Когда наконец Дору Моисеевну отвезли домой, Славик поразил меня своим поведением не меньше, чем я его накануне, в нашу свадебную ночь: он совершенно спокойно придвинул к дивану стул, поставил на него портрет бабушки, а потом лёг на этот самый диван, как будто он на нём всю жизнь лежал, а не со вчера, и самым обыденным тоном попросил принести ему бутербродик.
Я пошла на кухню и на автомате сделала ему бутерброд с той колбасой, что привезла Дора Моисеевна и которую всё равно нужно было доесть. На автомате, потому что все мои мысленные процессы лежали в глубоком обмороке, чтоб не сказать коме: в мои представления о семейной жизни со Славиком никак не укладывалось, что он будет лежать на диване, а я ему буду носить бутерброды, и уж конечно, туда никак не укладывалась Дора Моисеевна с её портретом и былинами обо всех этих тростиноподобных красавицах с военно-профессорской родословной.

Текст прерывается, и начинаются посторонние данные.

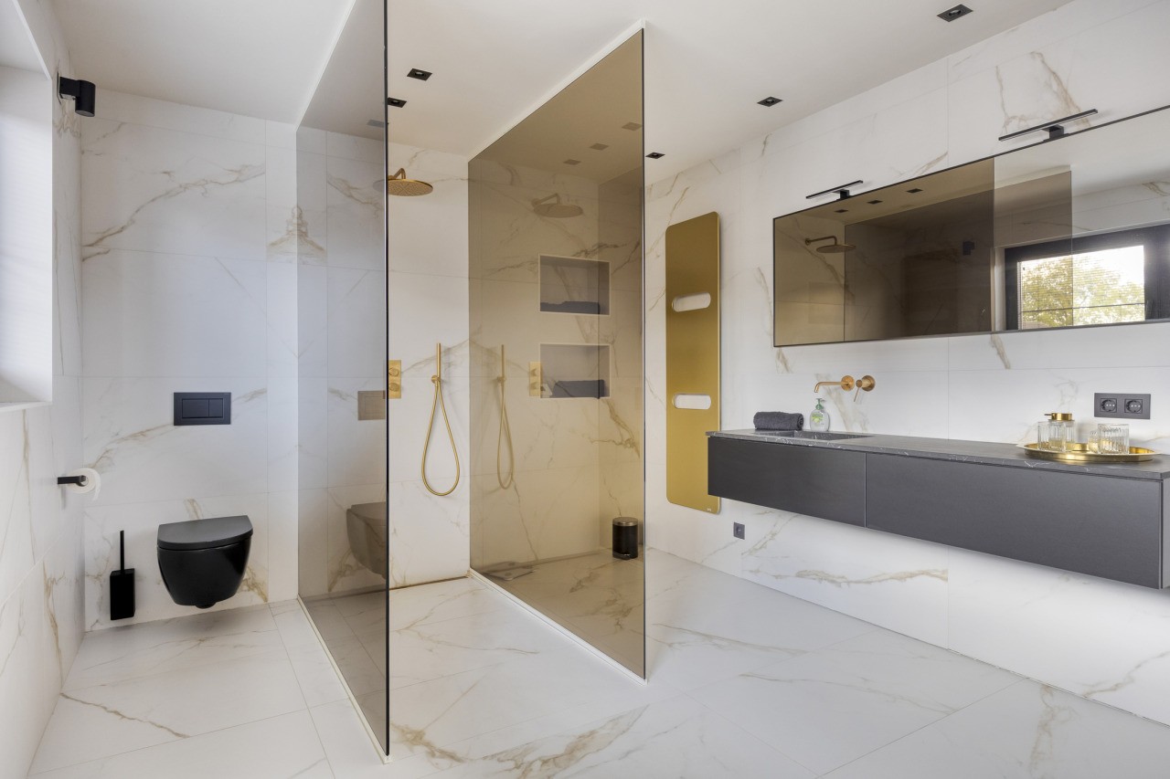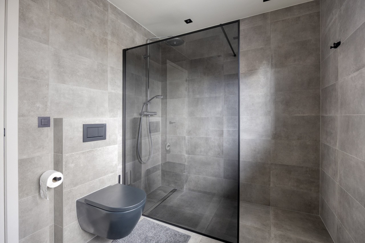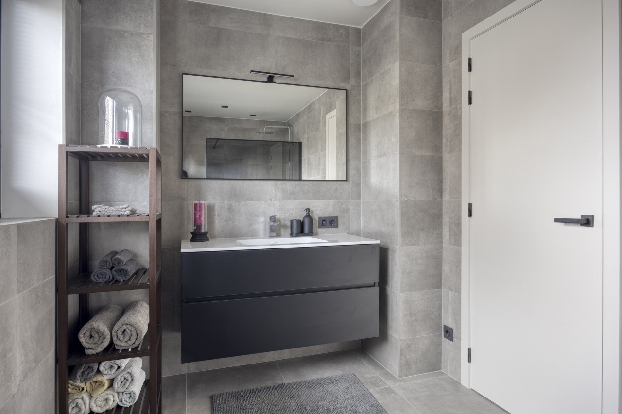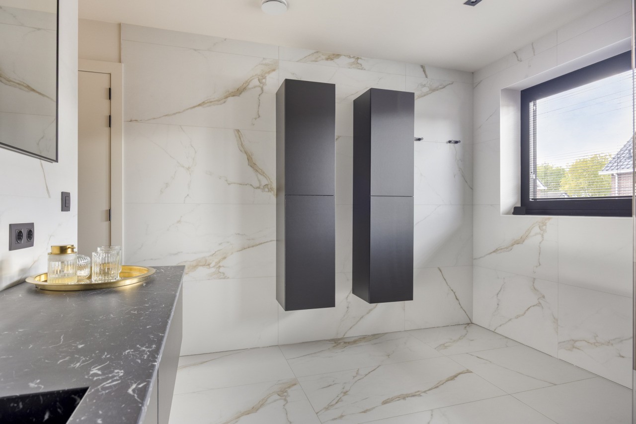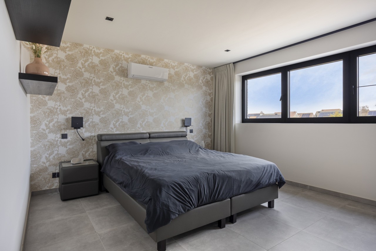 Op de eerste verdieping bevinden zich drie slaapkamers, stuk voor stuk voorzien van airconditioning. De hoofdslaapkamer beschikt over een ruime inloopkast en een luxe ensuite badkamer met inloopdouche, wastafelmeubel en toilet. De tweede badkamer, bereikbaar vanaf de overloop, is eveneens stijlvol afgewerkt en voorzien van een inloopdouche, toilet en wastafelmeubel.

Как странно устроен реальный мир: человек обещает сделать тебя счастливой, а потом ложится на диван и требует бутерброд. Может быть, сделать меня счастливой так тяжело, что для этого нужно заправиться, как перед работой в поле, думала я, шагая к себе в комнату с бутербродом на тарелке.
***
Основной и, пожалуй, единственный недостаток лета — это то, что оно, собственно, проходит. В остальном оно прекрасно. Основной недостаток Славика — это его бабушка. В остальном он как лето. Первые месяцы после свадьбы мы не спали, мы сваливались в тяжёлый, словно свинец, сон от взаимного изнеможения.
Славик по-прежнему смотрел на меня так, будто я интересный фильм по телевизору: со скачками, погонями и несметными сокровищами. И я постепенно начала верить, что так и есть, и никакие стройные и умные профессорские дочки, которые штабелями падали перед Славиком в рассказах Доры Моисеевны, не могли это изменить.
Да, не могли это изменить, говорила я себе. И я готова была за этот взгляд приносить сколько угодно бутербродов ему на диван, хотя крошки от его бутербродов впивались в мою попу в самый сладостный и неподходящий момент. У нас, можно сказать, бывали групповые соития: я, Славик и крошки. Господи, но зато какие! Этим крошкам и не снилось. Да и мне, честно говоря, тоже. И ещё я готова была за этот взгляд терпеть его бабушку. Нет, про бабушку это я зря, конечно.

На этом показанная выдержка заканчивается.